Quadratic Equations Aptitude Test: Nature of Roots and Coefficient Relationships

Question 16. What is the nature of the roots of x²−6x+9 = 0?

a) Two distinct positive real roots
b) Two distinct negative real roots
c) Two equal real roots
d) Two non-real roots

Answer:

c) Two equal real roots — The discriminant is D = b²−4ac = (−6)²−4(1)(9) = 36−36 = 0. Therefore, the equation has two equal real roots. In fact, x²−6x+9 = (x−3)², so both roots are 3.

Question 17. For which values of k does x²+(k−2)x+9 = 0 have equal roots?

a) k = 8 only
b) k = −4 only
c) k = 8 or −4
d) k = 4 or −8

Answer:

c) k = 8 or −4 — For equal roots, the discriminant must be zero.

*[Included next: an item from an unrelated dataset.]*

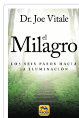
MILAGRO, EL VITALE, JOE
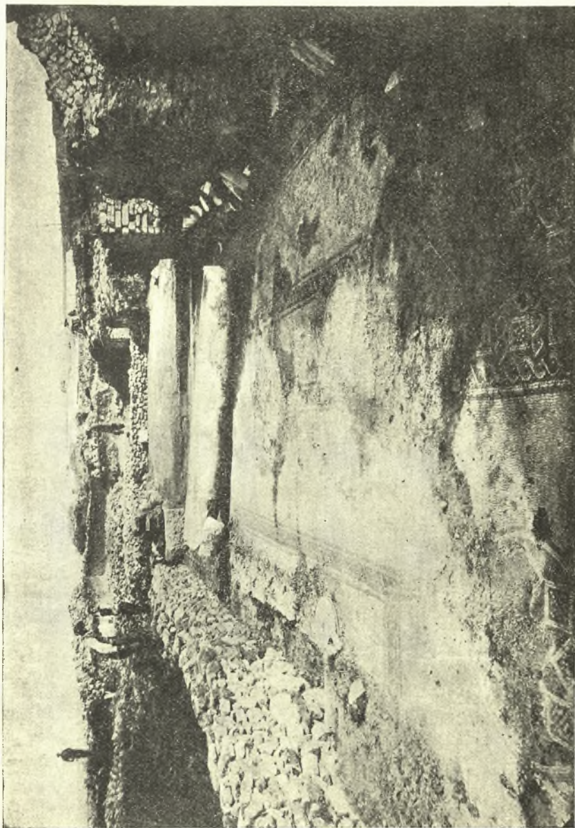
Εἰς 1. Ἡ μεσημβρινή πλευρά τοῦ περιστυλίου τοῦ προτογοριστιανικοῦ ἱδρύματος, τοῦ γνωστοῦ σήμερον ὑπὸ τὸ ὄνομα «Βασιλόσπιτο», ἐφ' οὗ ὑπῆρχε μέγα ψηφιδωτόν.

Therefore, (k−2)²−4(1)(9) = 0. This gives (k−2)² = 36, so k−2 = ±6. Hence, k = 8 or k = −4.

Question 18. What is the nature of the roots of 2x²+4x+5 = 0?

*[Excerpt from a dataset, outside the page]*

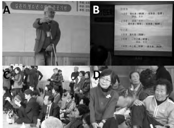
図1 2011 International Academic Conference (Academic Society of Jindo Studies)

a) Two distinct real roots
b) Two equal real roots
c) Two non-real conjugate roots
d) One positive and one negative root

Answer:

c) Two non-real conjugate roots — The discriminant is D = 4²−4(2)(5) = 16−40 = −24. Since the discriminant is negative, the equation has two non-real conjugate roots.

Question 19. If α and β are the roots of 3x²−7x+2 = 0, what is the value of α²+β²?

a) 25/9
b) 31/9
c) 37/9
d) 43/9

Answer:

c) 37/9 — By the relationships between roots and coefficients, α+β = 7/3 and αβ = 2/3. Therefore, α²+β² = (α+β)²−2αβ = 49/9−4/3 = 49/9−12/9 = 37/9.

Question 20. Which quadratic equation has roots 2+√3 and 2−√3?

a) x²−2x+1 = 0
b) x²−4x+1 = 0
c) x²−4x−1 = 0
d) x²+4x+1 = 0

Answer:

b) x²−4x+1 = 0 — The sum of the roots is (2+√3)+(2−√3) = 4. Their product is (2+√3)(2−√3) = 4−3 = 1. Therefore, the required equation is x²−4x+1 = 0.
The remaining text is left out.